After notching daily gains during each trading session last week, oil prices are continuing to march higher. WTI crude is trading above $57/bbl this morning, the highest in over a year – quite an accomplishment after plummeting to negative levels last year. Eyes today are on the stimulus bill, which is becoming increasingly likely as a $1.9 trillion package. Treasury Secretary Janet Yellen believes the bill will bring the US economy to full employment by 2022, which would support fuel demand. Such high spending is also expected to bring inflation, which weakens the dollar and pushes crude prices higher. And, according to one theory, the NFC’s win last night might be a bullish market indicator for the year, too.
One might reasonably look at current fuel prices and ask, “Wait….how are we back at pre-COVID levels?” While demand is still below pre-COVID norms, several bullish factors are present now that were not present a year ago.
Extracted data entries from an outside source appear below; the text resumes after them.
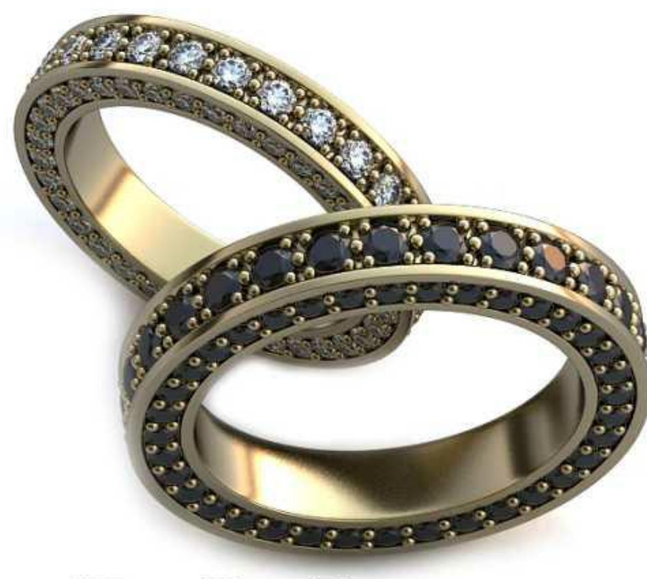
122ж/Р-17,0/Ш-4,2/Т-3,0/Кр 2.1-27шт.,1.5-72шт./Вес-7,0 122м/Р-20,0/Ш-5,0/Т-3,3/Кр 2.1-27шт.,1.5-72шт./Вес-11,0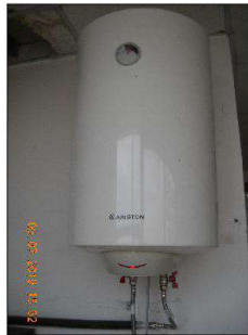
Foto 17 - Boiler elettrico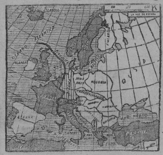
Mapa de la Europa diplomática política y militar actual; los países del Bloque Occidental, alianza militar fundamentalmente, aparecen rodeados por un trazo grueso. Italia se ha unido a Francia con fuertes acuerdos comerciales. Grecia y Turquía están realizando una interesante colaboración en ambos órdenes, el militar y el económico. La Zona alemana está en curso de integración en el bloque de los beneficiarios del plan Marshall, que en el mapa están señalados con un cuadrículado.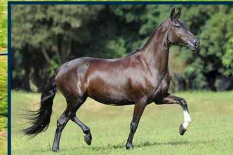
SUA MÃE: NAIA H.R.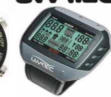
中古であっても、ベルト切れ、画面傷なく、動作良好なら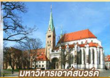
มหาวิหารอาคัสบวร์ค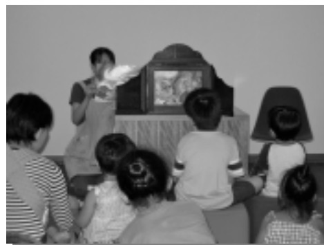
図書館でのおはなし会

そのため、数多くある生涯学習関連施設が連携を図り、市民の生涯学習活動への多角的な支援を進め、だれでもが利用しやすいものとしていく必要があります。また、図書館が持つ大きな機能を活用し、生涯にわたって読書に親しめる環境づくりと個人の読書環境をバックアップするなど、図書館サービスを充実し、「読書のまち八王子」への取り組みを推進する必要があります。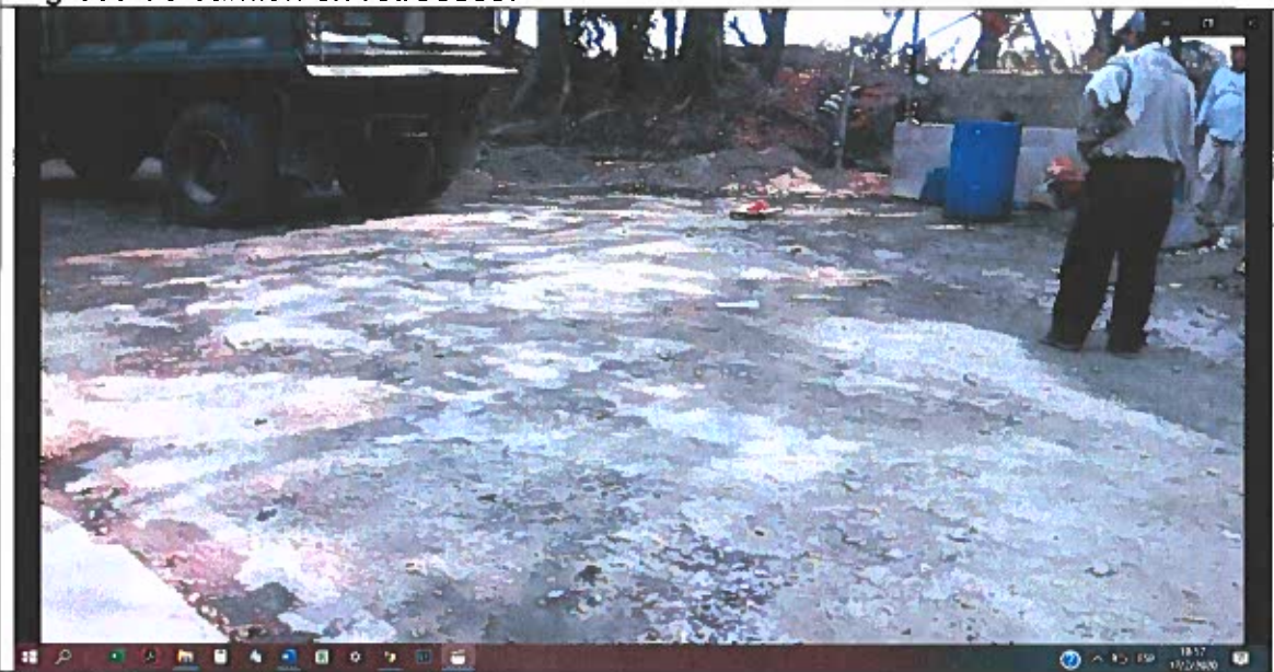
Continúa acercándose al sitio de acopio.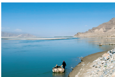
Pêcheurs dans leur coracle (bateau rond en peau de yak), rive nord du Yarlung Tsangpo, Ü, Région autonome du Tibet (République populaire de Chine), mai 2009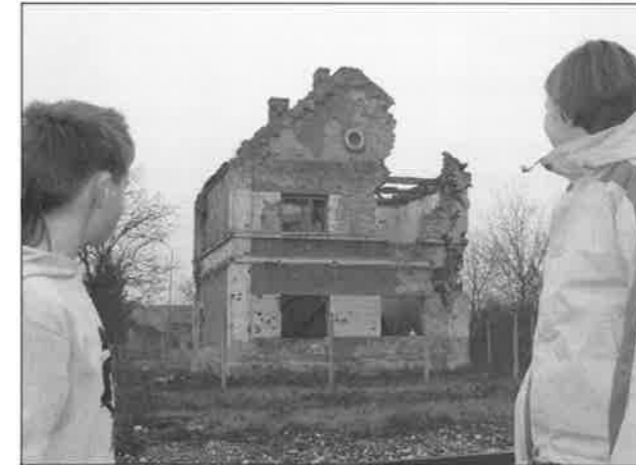
Det er behov for forsoning mellom folkegrupper etter en vond krig.

Among them are 7+ MMbpd cuts by OPEC and their allies and a $1.9 trillion stimulus package. With the vaccine promising a return to typical demand, supply cuts and government spending are pushing oil to excessively high levels.
Are high prices sustainable given current cases and demand data? Absolutely. There are two sides to the coin for oil fundamentals: demand and supply. As long as supply remains lower than consumption, oil prices will keep rising. Of course, the rally will eventually reach a point triggering more supply; for now, though, both OPEC and US shale producers seem happy to keep supply low and rake in the higher prices.
Oil prices are up by more than a dollar this morning, sustained by positive sentiments towards the stimulus legislation. WTI crude is currently trading at $57.87, a gain of $1.02 (+1.8%). Brent crude, which is more popular in the Eastern Hemisphere, is now above $60/bbl.
Fuel prices are also seeing strong gains this morning. Diesel is trading at $1.7427, up 2.9 cents (+1.7%) from Friday’s closing price. Gasoline is trading at $1.6698, a 2.1 cent gain (+1.2%).